Task goal. Write out every entry exactly as given, but omit the pictures.

Exercise inputs.
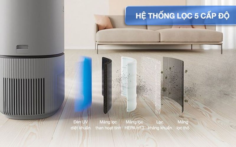 Hệ thống lọc 5 cấp độ lọc lọc sạch các hạt bụi, bụi mịn, mùi hôi khó chịu.
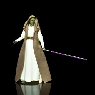 Rwoh comes with her lightsaber which is a simple hilt in gun-metal grey with a central gold trim. Into this slots a translucent purple lightsaber blade. The hilt can be slotted into Vernestra’s belt by way of a plug-in socket or will fit in either hands. There is however a considerable miss here as Vernestra is renowned in the High Republic books as using a light whip - also seen briefly in in the series - but a choice has been made not to develop or include a light whip blade to use with the saber hilt.
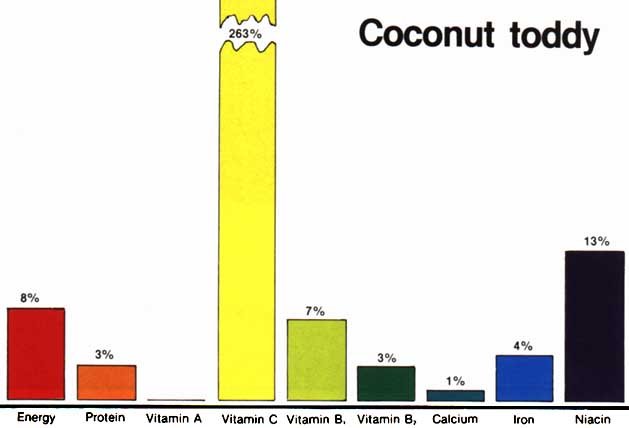 Vitamin C keeps the body tissues strong, helps the body use iron, and aids in chemical actions in the body. Fresh coconut toddy is high in Vitamin C. Green coconut water, the germinating coconut, and the heart of the coconut palm also have a fair amount of Vitamin C.
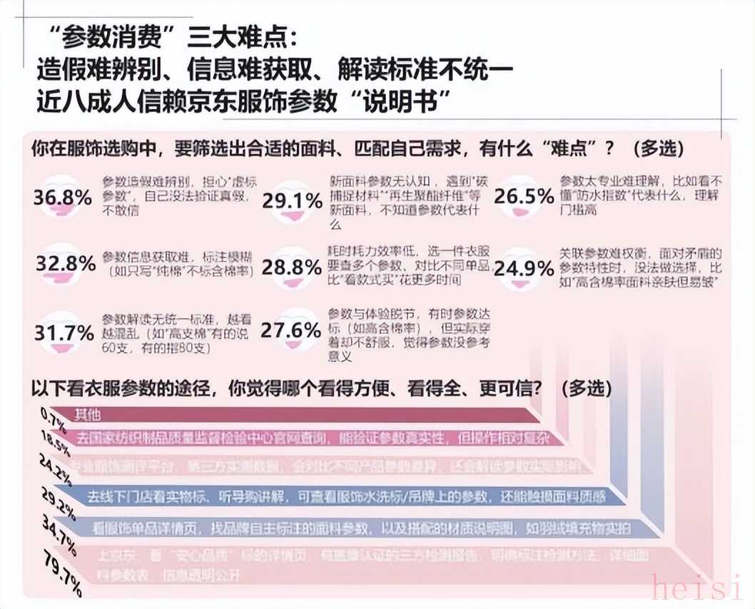 从前面的调研结果不难发现,在服饰消费上,“懂成分、看参数、选面料”已经融入相当部分消费者的认知和消费决策之中,这是消费者主动跳出营销干扰、回归商品本质的理性选择。不过,从看参数、选面料到买到“货真价实”的商品之间,仍需要“靠谱”平台来完成整个闭环。调研显示,“参数消费”痛点多,参数造假难辨认(36.8%)、参数信息难获取(32.8%),参数解读无统一标准(31.7%),是消费者要通过参数选购合适面料衣服的三大“难点”。
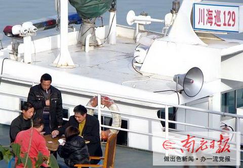 從網友“特級警報333”拍攝的畫面來看,船上有四男一女,其中三男一女正在打牌,另一人在觀戰(zhàn)。另一名為“順慶一貓”網友則稱,他在今年2月12日也拍下了一幅圖片,當時是一群人在海事船上打麻將,當發(fā)現有人拍照時,船上的人立即把麻將桌收了起來。這位網友也在網上發(fā)了兩張打麻將的圖片。網友們在圖片的回帖中發(fā)出了“這樣當公務員好舒服啊”、“上班時間打牌,應該下崗”、“有關部門應該查處”的議論。
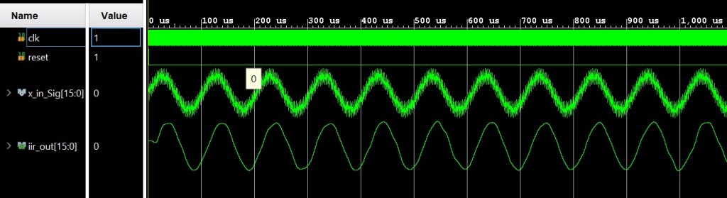 The screen shot below shows the simulation of results of the this IIR filter. The input signal is a noisy 10 KHz sine wave. You notice there are some artifacts in the filtered output signal and this is due to the truncation and round off errors. The accuracy could have been improved by using a higher scale: we could have scaled the coefficients by 2^32, but the cost here is more memory, and possibly more other resources.
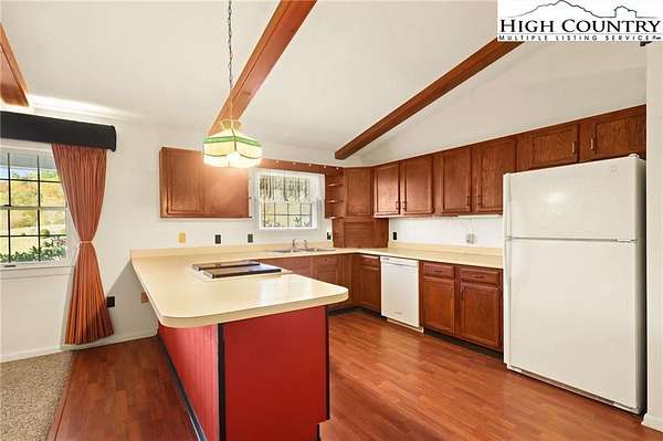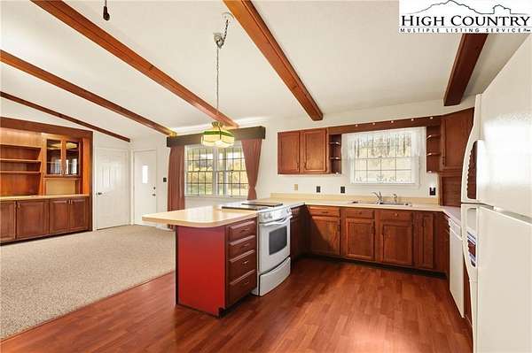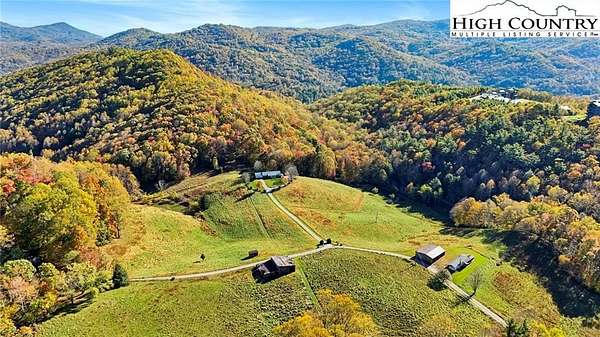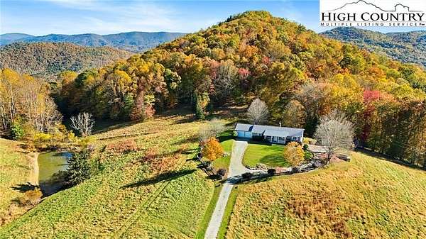 Experience the beauty of the High Country with stunning Grandfather Mountain views from this exceptional 12.5-acre estate featuring rolling meadows, two ponds, and a charming 2BR/2BA, plus one (1) additional sleeping quarter. Offering one-level living with an open-concept great room and kitchen, there is an additional 200 sqft which is a sunroom, primary suite with walk-in closet, guest bedroom and bath, laundry room, and a full unfinished basement. Highlights include a stone fireplace, attached two-car garage on the main level, additional basement garage, wood stove, new metal roof, fiber optic internet, and a covered front porch great for relaxing and taking in the scenery. The land offers usable pasture, a large barn, and multiple outbuildings--great for a family estate, horse farm, or vineyard. Perfectly situated in the Valle Crucis/Foscoe area between Boone and Banner Elk, just 15 minutes to App State, shopping, and all High Country attractions. Subdivision: Southern Watauga Rural
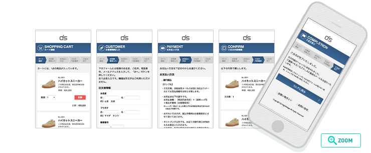 BiNDカートは、スマホでのお買い物ならスマホに最適なサイズで自動表示して、親切なショップが運営できます。
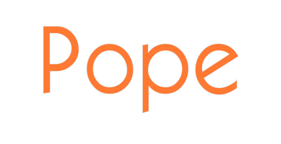 Text: Pope Text Align: center Font: Kabel Colour: OrangeSize: 20cm wide / 20cm X 9.09cm / 7.87in X 3.58inBackboard: Cut to Letter (free upgrade)Jacket: Coloured JacketMounting: HangingNeon Tube Thickness: Bold Tube (8mm) (free upgrade)Remote Dimmer: YesPower Mode: Battery...
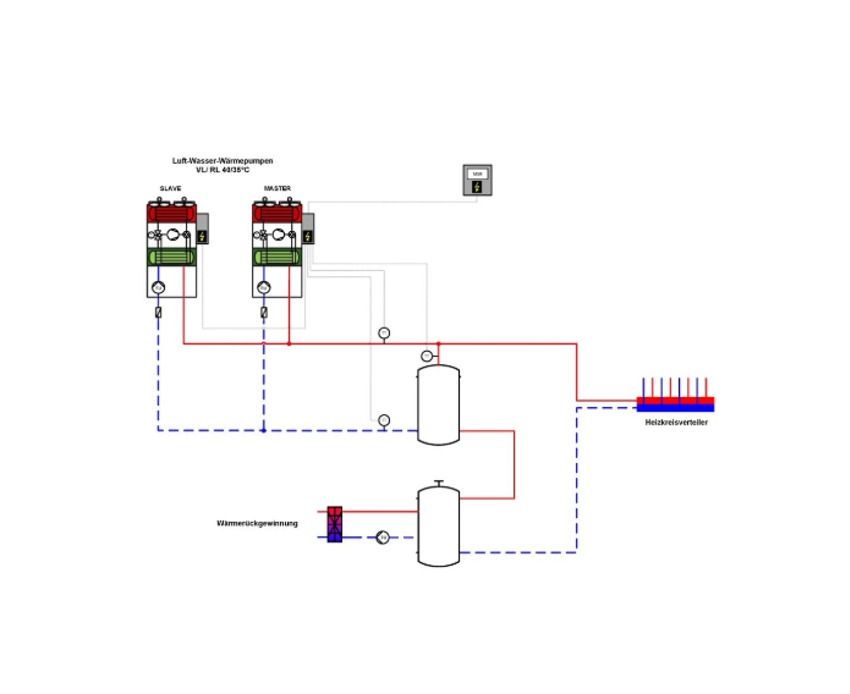 Die bestehende Anlage für den 1.400 m2 großen Supermarkt verfügte über keine Spitzenlastabdeckung – die Abwärme reichte aus, um den Markt während der Heizperiode ausreichend zu heizen, doch es entstanden Engpässe in der Wärmeversorgung, wenn die Wärmerückgewinnungsleistung unzureichend oder nicht vorhanden war. Auch die Klimatisierung der Verkaufsfläche über die Verbundanlage der Gewerbekälte entsprach nicht ganz den Anforderungen. Die Aufgabe bestand also darin, die Betriebssicherheit zu steigern, indem die entstehende Abwärme aus der Gewerbekälteerzeugung für die Gebäudeheizung und Brauchwassererwärmung genutzt und durch die Implementierung eines Wärmerückgewinnungssystems weitere Einsparpotentiale gehoben wurden. Dabei sollte der Umbau des vorhandenen hydraulischen Systems möglichst gering sein; der Pufferspeicher für Warm- oder Kaltwasser sollte weiterverwendet werden.

Answer.
 Hệ thống lọc 5 cấp độ lọc lọc sạch các hạt bụi, bụi mịn, mùi hôi khó chịu.
 Rwoh comes with her lightsaber which is a simple hilt in gun-metal grey with a central gold trim. Into this slots a translucent purple lightsaber blade. The hilt can be slotted into Vernestra’s belt by way of a plug-in socket or will fit in either hands. There is however a considerable miss here as Vernestra is renowned in the High Republic books as using a light whip - also seen briefly in in the series - but a choice has been made not to develop or include a light whip blade to use with the saber hilt.
 Vitamin C keeps the body tissues strong, helps the body use iron, and aids in chemical actions in the body. Fresh coconut toddy is high in Vitamin C. Green coconut water, the germinating coconut, and the heart of the coconut palm also have a fair amount of Vitamin C.
 从前面的调研结果不难发现,在服饰消费上,“懂成分、看参数、选面料”已经融入相当部分消费者的认知和消费决策之中,这是消费者主动跳出营销干扰、回归商品本质的理性选择。不过,从看参数、选面料到买到“货真价实”的商品之间,仍需要“靠谱”平台来完成整个闭环。调研显示,“参数消费”痛点多,参数造假难辨认(36.8%)、参数信息难获取(32.8%),参数解读无统一标准(31.7%),是消费者要通过参数选购合适面料衣服的三大“难点”。
 從網友“特級警報333”拍攝的畫面來看,船上有四男一女,其中三男一女正在打牌,另一人在觀戰(zhàn)。另一名為“順慶一貓”網友則稱,他在今年2月12日也拍下了一幅圖片,當時是一群人在海事船上打麻將,當發(fā)現有人拍照時,船上的人立即把麻將桌收了起來。這位網友也在網上發(fā)了兩張打麻將的圖片。網友們在圖片的回帖中發(fā)出了“這樣當公務員好舒服啊”、“上班時間打牌,應該下崗”、“有關部門應該查處”的議論。
 The screen shot below shows the simulation of results of the this IIR filter. The input signal is a noisy 10 KHz sine wave. You notice there are some artifacts in the filtered output signal and this is due to the truncation and round off errors. The accuracy could have been improved by using a higher scale: we could have scaled the coefficients by 2^32, but the cost here is more memory, and possibly more other resources.
 Experience the beauty of the High Country with stunning Grandfather Mountain views from this exceptional 12.5-acre estate featuring rolling meadows, two ponds, and a charming 2BR/2BA, plus one (1) additional sleeping quarter. Offering one-level living with an open-concept great room and kitchen, there is an additional 200 sqft which is a sunroom, primary suite with walk-in closet, guest bedroom and bath, laundry room, and a full unfinished basement. Highlights include a stone fireplace, attached two-car garage on the main level, additional basement garage, wood stove, new metal roof, fiber optic internet, and a covered front porch great for relaxing and taking in the scenery. The land offers usable pasture, a large barn, and multiple outbuildings--great for a family estate, horse farm, or vineyard. Perfectly situated in the Valle Crucis/Foscoe area between Boone and Banner Elk, just 15 minutes to App State, shopping, and all High Country attractions. Subdivision: Southern Watauga Rural
 BiNDカートは、スマホでのお買い物ならスマホに最適なサイズで自動表示して、親切なショップが運営できます。
 Text: Pope Text Align: center Font: Kabel Colour: OrangeSize: 20cm wide / 20cm X 9.09cm / 7.87in X 3.58inBackboard: Cut to Letter (free upgrade)Jacket: Coloured JacketMounting: HangingNeon Tube Thickness: Bold Tube (8mm) (free upgrade)Remote Dimmer: YesPower Mode: Battery...
 Die bestehende Anlage für den 1.400 m2 großen Supermarkt verfügte über keine Spitzenlastabdeckung – die Abwärme reichte aus, um den Markt während der Heizperiode ausreichend zu heizen, doch es entstanden Engpässe in der Wärmeversorgung, wenn die Wärmerückgewinnungsleistung unzureichend oder nicht vorhanden war. Auch die Klimatisierung der Verkaufsfläche über die Verbundanlage der Gewerbekälte entsprach nicht ganz den Anforderungen. Die Aufgabe bestand also darin, die Betriebssicherheit zu steigern, indem die entstehende Abwärme aus der Gewerbekälteerzeugung für die Gebäudeheizung und Brauchwassererwärmung genutzt und durch die Implementierung eines Wärmerückgewinnungssystems weitere Einsparpotentiale gehoben wurden. Dabei sollte der Umbau des vorhandenen hydraulischen Systems möglichst gering sein; der Pufferspeicher für Warm- oder Kaltwasser sollte weiterverwendet werden.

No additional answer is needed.